● **TASK ITEM**
Take the entries below and reproduce exactly the portion that begins at the line containing "經(jīng)黨中央、國(g" and ends at the line containing "在360防骗高手小程序中,还", keeping both ends, dropping pictures, and adding nothing else.

● **MATERIAL FOR THIS TASK**
___

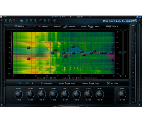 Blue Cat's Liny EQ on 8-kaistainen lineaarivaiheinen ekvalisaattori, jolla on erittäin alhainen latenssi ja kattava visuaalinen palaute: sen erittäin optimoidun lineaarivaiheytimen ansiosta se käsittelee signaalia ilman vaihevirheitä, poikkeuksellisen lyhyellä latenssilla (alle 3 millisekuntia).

___

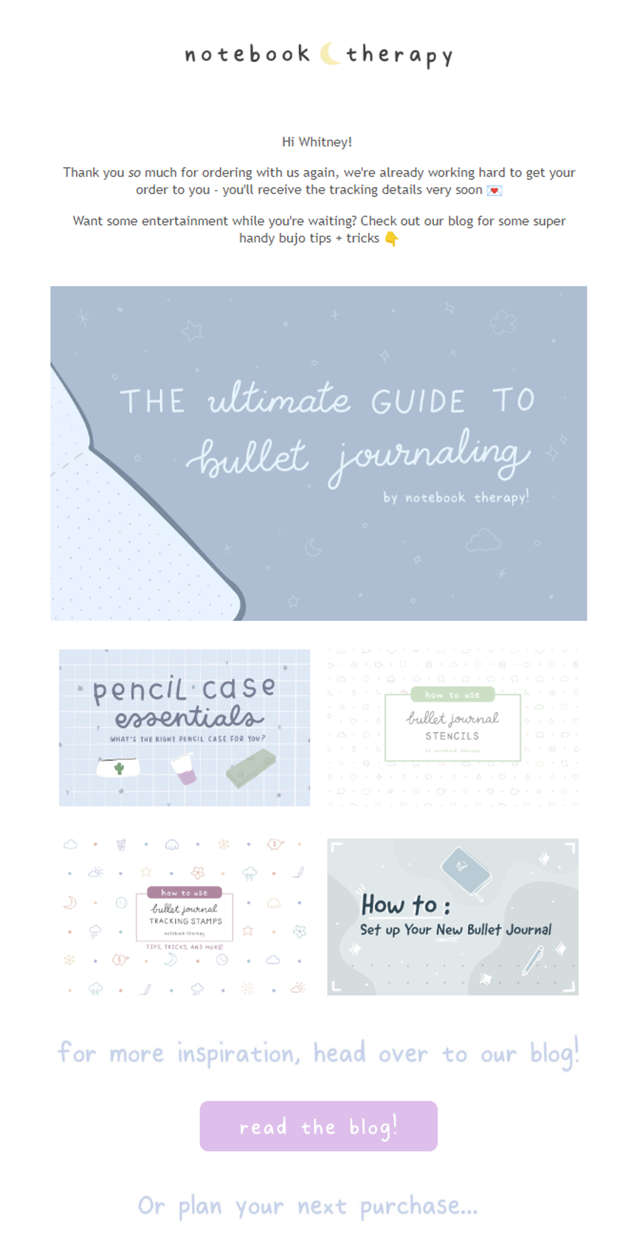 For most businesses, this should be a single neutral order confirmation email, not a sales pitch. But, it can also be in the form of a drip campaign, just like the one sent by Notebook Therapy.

___

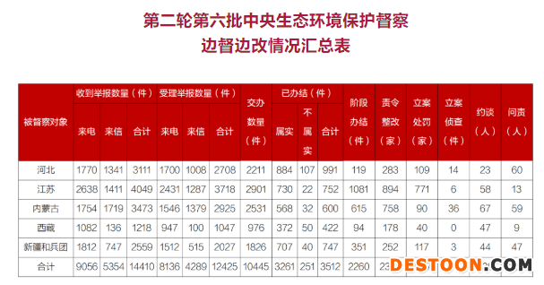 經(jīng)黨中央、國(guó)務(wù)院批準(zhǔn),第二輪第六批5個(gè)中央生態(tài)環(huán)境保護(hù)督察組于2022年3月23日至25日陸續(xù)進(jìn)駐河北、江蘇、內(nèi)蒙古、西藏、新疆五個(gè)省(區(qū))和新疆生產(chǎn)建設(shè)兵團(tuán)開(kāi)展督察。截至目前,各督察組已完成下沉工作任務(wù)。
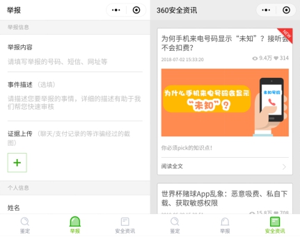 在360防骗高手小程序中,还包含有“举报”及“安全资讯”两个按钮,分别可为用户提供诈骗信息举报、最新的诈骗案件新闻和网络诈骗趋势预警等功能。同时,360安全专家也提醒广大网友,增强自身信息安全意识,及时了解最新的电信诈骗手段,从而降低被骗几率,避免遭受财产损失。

___

● **TASK OUTPUT**
 經(jīng)黨中央、國(guó)務(wù)院批準(zhǔn),第二輪第六批5個(gè)中央生態(tài)環(huán)境保護(hù)督察組于2022年3月23日至25日陸續(xù)進(jìn)駐河北、江蘇、內(nèi)蒙古、西藏、新疆五個(gè)省(區(qū))和新疆生產(chǎn)建設(shè)兵團(tuán)開(kāi)展督察。截至目前,各督察組已完成下沉工作任務(wù)。
 在360防骗高手小程序中,还包含有“举报”及“安全资讯”两个按钮,分别可为用户提供诈骗信息举报、最新的诈骗案件新闻和网络诈骗趋势预警等功能。同时,360安全专家也提醒广大网友,增强自身信息安全意识,及时了解最新的电信诈骗手段,从而降低被骗几率,避免遭受财产损失。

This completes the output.